- _WORK REQUEST_:
Begin at the line holding "Metoderna för självförbättring" and set down exactly each line through the last one below, omitting pictures. Include nothing else.

- _DATA SHOWN_:
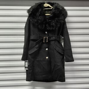 Marciano Loreta Wool Blend Belted Coat Black Faux Fur Collar Women’s Size 8 NWT $380
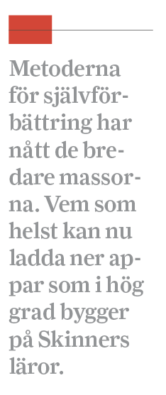 Metoderna för självförbättring har nått de bredare massorna. Vem som helst kan nu ladda ner appar (vi kan kalla dem beteendemodifikationsappar) som i hög grad bygger på Skinners läror. Ett exempel är Lose It. Här börjar användaren med att ställa in sin idealvikt och ange en tidslinje. Sedan skickas feedback och grafer till användaren som därigenom kan modifiera sina beteendemönster. Uppmuntrande ord och poäng hjälper användaren på traven.
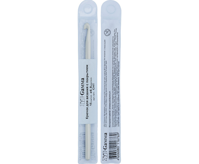 Крючок изготовлен из алюминия, с тефлоновым покрытием для лучшего скольжения пряжи.
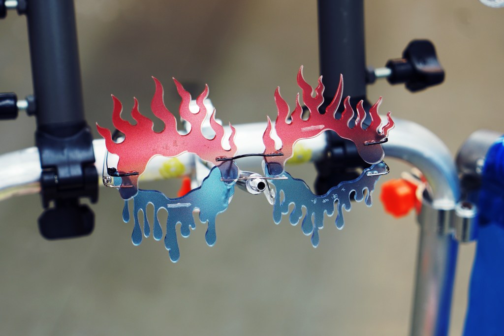 “Negative Energy Eyewear Set” is a series of facial health accessories created by Meltingwang. It includes two styles: the “Burning Eyebrows” and the “Raining Tears” (which do not possess the function of ordinary spectacles). When the product touches the human body, it will help the human to correctly confront the existing negative energy and to learn to reconcile with it.

- _ANSWER TO THIS TASK_:
 Metoderna för självförbättring har nått de bredare massorna. Vem som helst kan nu ladda ner appar (vi kan kalla dem beteendemodifikationsappar) som i hög grad bygger på Skinners läror. Ett exempel är Lose It. Här börjar användaren med att ställa in sin idealvikt och ange en tidslinje. Sedan skickas feedback och grafer till användaren som därigenom kan modifiera sina beteendemönster. Uppmuntrande ord och poäng hjälper användaren på traven.
 Крючок изготовлен из алюминия, с тефлоновым покрытием для лучшего скольжения пряжи.
 “Negative Energy Eyewear Set” is a series of facial health accessories created by Meltingwang. It includes two styles: the “Burning Eyebrows” and the “Raining Tears” (which do not possess the function of ordinary spectacles). When the product touches the human body, it will help the human to correctly confront the existing negative energy and to learn to reconcile with it.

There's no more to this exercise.